I have a table and two of it's columns look like this:
Name cars_owned
Adam Audi
David BMW
Steve Ford
John Audi
Adam Audi
....This continues on for ~1,000 rows
I want an output like this:
cars_owned count
Audi 3
BMW 1
Ford 1
...
The issue is rows can be repeated, meaning 'Adam' and 'Audi' might appear together 100 times but for the name 'Adam' I want it to just count as one for the Audi counts regardless of however many times it appears in the table. Additionally 'Adam' might appear with 'Audi' 20 times but also appear with 'BMW' 5 times, in this case I want 'Adam' to only get into the Audi count as that appears more times than with BMW
I was able to get a count of the distinct names (247) using this code:
SELECT COUNT(DISTINCT Name)
FROM cars_table
Now I just need to break those 247 distinct names into the correct cars_owned categories to get the counts
You want the most common value for each name and then the distribution.
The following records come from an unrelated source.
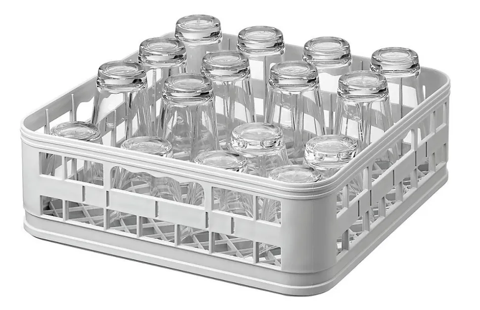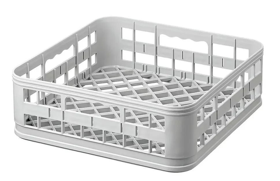 Casier de lavage Bartscher Casier de lavage à verres pour lave verre professionnel à fond plat. Robuste et fonctionnel.Hauteur intérieure : 103 mmEmpilable : oui Taille du panier : 350 x 350 mm Nombre de compartiments : 1 Couleur : Gris Modèle : Plat Convient à Verres /Tasses Matériau : Plastique Largeur : 350 mmProfondeur : 350 mmHauteur : 110 mmPoids : 0.8 kg
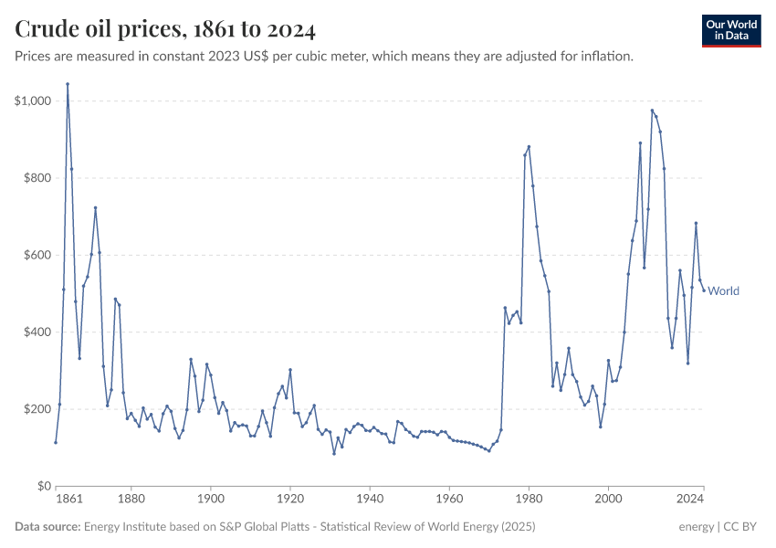 “Data Page: Oil price - Crude prices since 1861”, part of the following publication: Hannah Ritchie, Pablo Rosado, and Max Roser (2023) - “Energy”. Data adapted from Energy Institute. Retrieved from https://remove-datapage-tags.owid.pages.dev/grapher/oil-prices-inflation-adjusted [online resource]How to cite this data
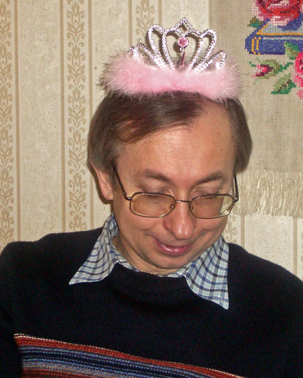 Юра изображает принцессу, играя с Тасей. В гостях у моего папы. Чулково, 3 января 2008 г.

Use two levels of aggregation:
select car, count(*) as num_names, sum(cnt) as num_cars
from (select name, car, count(*) as cnt,
row_number() over (partition by name order by count(*) desc) as seqnum
from cars c
group by name, car
) nc
where seqnum = 1
group by car;
Note: If there is a tie for the most common car for a name, this returns one arbitrary value.